Key insight: The integrand is the product of the likelihood and the prior density. The area under this purple curve equals \(m_1(y)\), the marginal likelihood under \(H_1\).

7. Bayes Factor Calculation

The Bayes factor quantifies the evidence provided by the data for one hypothesis versus another.
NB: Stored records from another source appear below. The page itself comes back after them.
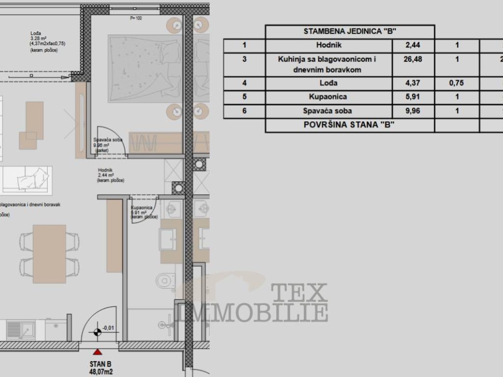 The apartment consists of a living room with kitchen and dining area (26.48 m²), one bedroom, a bathroom, and a loggia.
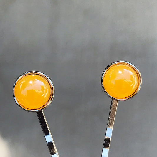 Round Orange Hair Pins - Set of 2 Bright & Bold Bobby Pins
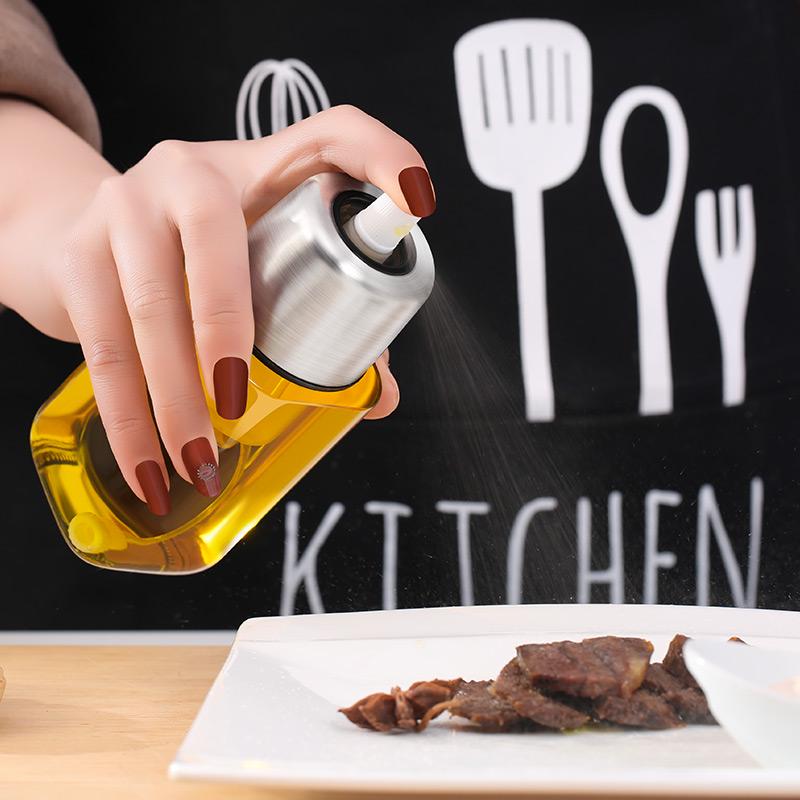 Set 2 x Pulverizator ulei/otet, sticla, 180 ml Pulverizeaza cu usurinta ulei peste preparate sau vasele de gatit. Acest dispozitiv practic pentru ulei este fabricat din sticla si pulverizeaza cantitatea potrivita de ulei la simpla apasare a unui buton. Mai sanatos, mai economic, pulverizatorul face gatitul mai practic si are grija de excesul de calorii. Daca esti in cautare de un pulverizator pentru ulei care sa arate la fel de bine pe cat functioneaza, l-ai gasit. Acest pulverizator compact si practic este conceput pentru a dispersa orice lichid in mod uniform peste mancare sau vase de gatit. Trebuie doar sa apesi pe buton, pentru pulverizare uniforma peste salata sau alte mancaruri. Spray-ul pentru ulei/otet este fabricat din sticla de 2.8 mm grosime, cu capac din otel inoxidabil si capac de acoperire fara BPA. Pulverizaroul este reutilizabil si are o capacitate de 180 ml (15 x 5.5 x 5.5 cm). Dispozitivul este potrivit pentru ulei, otet, sos de soia sau vin. Fabricat din sticla (material 100 % natural), pulverizatorul ofera un gust pur, curat, autentic al lichidelor si este perfect din punct de vedere igienic. Duza de presare cu unghi mare de pulverizare pentru operare usoara si distributie uniforma a lichidului cetos. Design ergonomic pentru cei care au probleme cu articulatiile mainilor. Doza perfecta de ulei aburit sau orice alt lichid doar la o singura apasare.
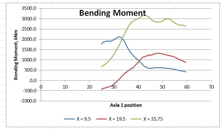 After using the Excel Solver to locate the position of maximum moments, shears and deflections at the 9 locations shown above, the resulting output of actions and deflections can be plotted against vehicle position, as shown below:
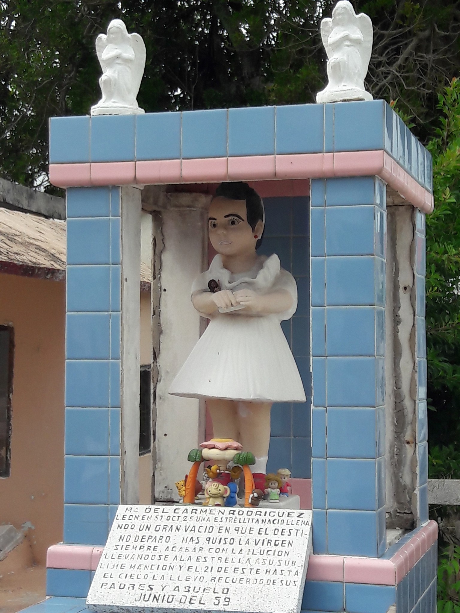 [i]La niña del taco[/i], quien en vida llevó el nombre de María del Carmen Rodríguez León, murió a la edad de dos años el 21 de junio de 1959. Su tumba de azulejos, se adorna de una figura de cerámica con cabello oscuro y piel blanca, de alrededor de medio metro de altura que posa con un taco en la mano y un vestido blanco.
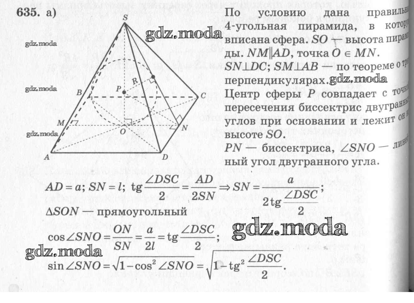 ОТВЕТ на задание № 635 Учебник по Геометрии 10-11 класс Атанасян Базовый и углубленный уровень

It is the ratio of the marginal likelihoods:

\[ B_{01}(y) = \frac{m_0(y)}{m_1(y)} \]

Interpretation:

• \(B_{01} > 1\): Evidence supports \(H_0\)
• \(B_{01} < 1\): Evidence supports \(H_1\)
• \(B_{01} = 1\): No evidence either way

B01 <- m0 / m1
B01_fraction <- fractions(B01)

cat("Bayes Factor B₀₁ =", B01)

## Bayes Factor B₀₁ = 0.35

cat("\nBayes Factor as fraction:", B01_fraction)

## 
## Bayes Factor as fraction: 0.35

cat("\n\n1/B₀₁ =", 1/B01)

## 
## 
## 1/B₀₁ = 2.857143

Calculation:

\[ B_{01}(y) = \frac{1/64}{5/112} = \frac{1}{64} \times \frac{112}{5} = \frac{112}{320} = \frac{7}{20} = 0.35 \]

Alternatively:

\[ \frac{1}{B_{01}} = \frac{20}{7} \approx 2.857 \]
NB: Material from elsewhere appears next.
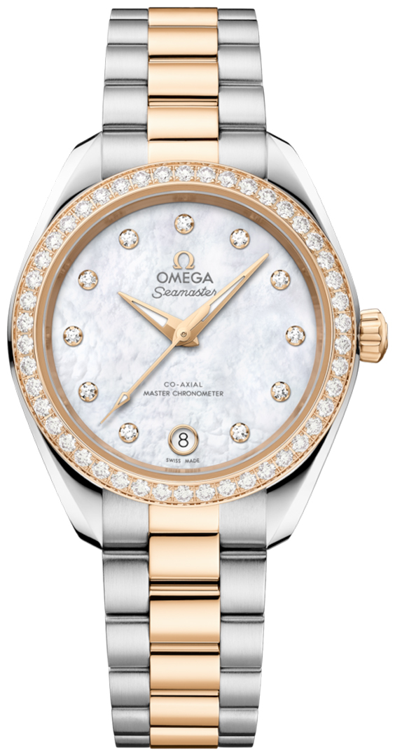 • Case: stainless steel & yellow gold - polished• Crown: 18kt moonshine yellow gold• Bezel: 18kt moonshine yellow gold, polished, set with 46 diamonds• Dial: mother of pearl• Hour Markers: applied, 11 diamond hour markers• Hands: polished, yellow gold, luminous• Seconds hand: central large hand• Date: window at 6 o'clock• Calibre: Omega calibre 8750, beats at 3.5Hz/25200 vph, 27 jewels, power reserve of 48 hours (2 days)
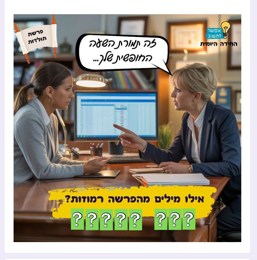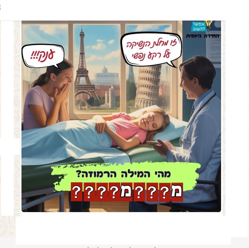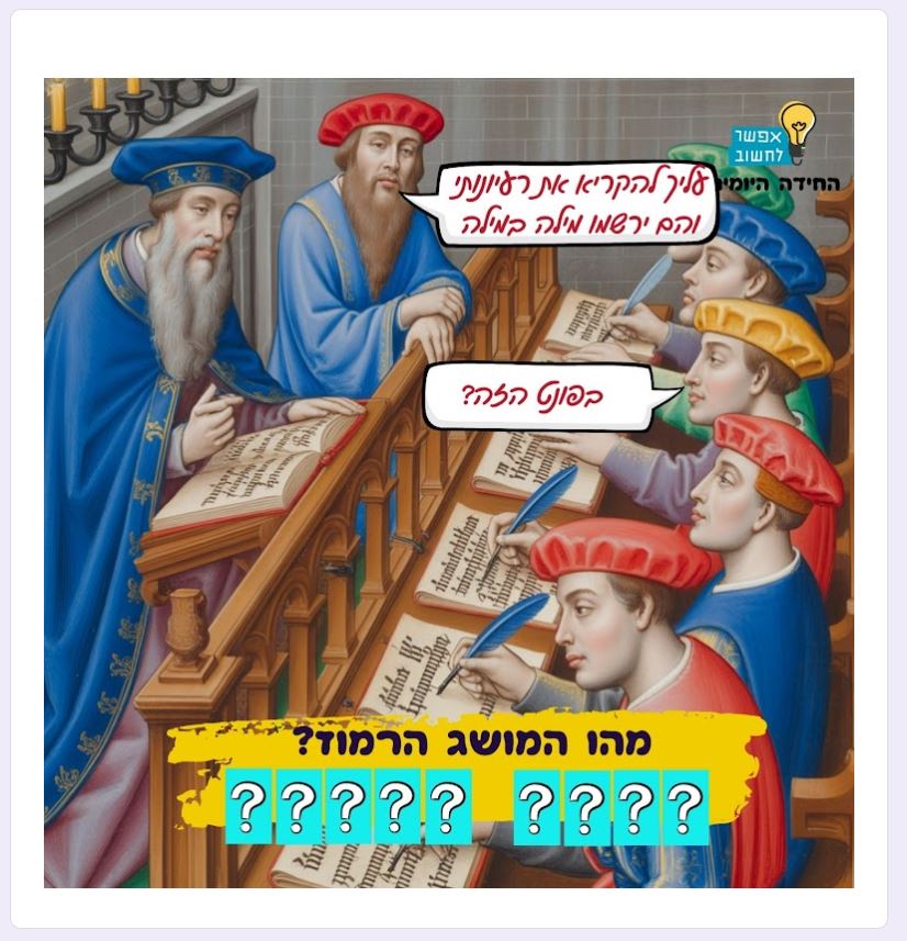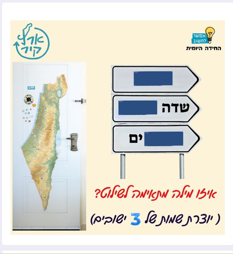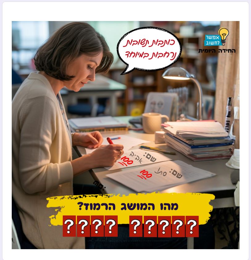 ותודה ל"אפשר לחשוב – החידה היומית" (שמשם נלקחו החידות).

This matches the problem statement: \(B_{01}(y) = 1/2.86\)

Conclusion: Since \(B_{01} = 0.35 < 1\), the data favor \(H_1\) over \(H_0\). Specifically, the data are about 2.86 times more likely under the alternative hypothesis that the subject has discriminatory power than under the null hypothesis of random guessing.